_Required work_. Nothing but the lines below from the one that contains "Funcție extensibilă practicăCanapeaua" through the one that contains "- Фонарик арт." should be retyped, exactly and including both ends. Do not include pictures.
== Exercise data
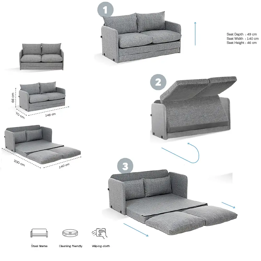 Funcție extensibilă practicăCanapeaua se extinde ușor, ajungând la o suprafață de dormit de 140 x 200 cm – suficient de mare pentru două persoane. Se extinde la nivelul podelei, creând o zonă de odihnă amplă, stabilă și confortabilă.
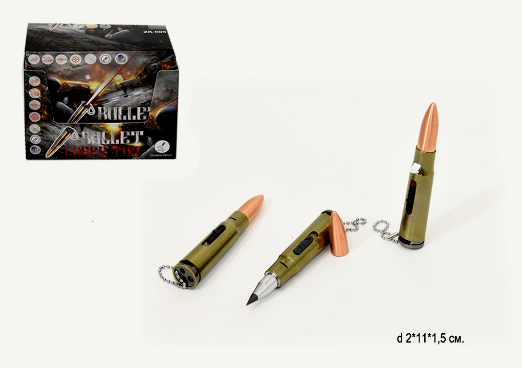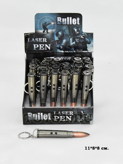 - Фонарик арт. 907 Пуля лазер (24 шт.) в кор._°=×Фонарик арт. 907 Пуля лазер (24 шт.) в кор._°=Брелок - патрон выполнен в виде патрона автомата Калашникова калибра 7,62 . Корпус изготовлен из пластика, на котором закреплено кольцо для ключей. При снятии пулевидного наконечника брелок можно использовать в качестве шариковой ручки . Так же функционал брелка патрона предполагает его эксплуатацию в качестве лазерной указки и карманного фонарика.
====
== Exercise data
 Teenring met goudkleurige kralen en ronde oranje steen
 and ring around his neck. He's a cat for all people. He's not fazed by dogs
====
_Reply to the task_.
 Funcție extensibilă practicăCanapeaua se extinde ușor, ajungând la o suprafață de dormit de 140 x 200 cm – suficient de mare pentru două persoane. Se extinde la nivelul podelei, creând o zonă de odihnă amplă, stabilă și confortabilă.
 - Фонарик арт. 907 Пуля лазер (24 шт.) в кор._°=×Фонарик арт. 907 Пуля лазер (24 шт.) в кор._°=Брелок - патрон выполнен в виде патрона автомата Калашникова калибра 7,62 . Корпус изготовлен из пластика, на котором закреплено кольцо для ключей. При снятии пулевидного наконечника брелок можно использовать в качестве шариковой ручки . Так же функционал брелка патрона предполагает его эксплуатацию в качестве лазерной указки и карманного фонарика.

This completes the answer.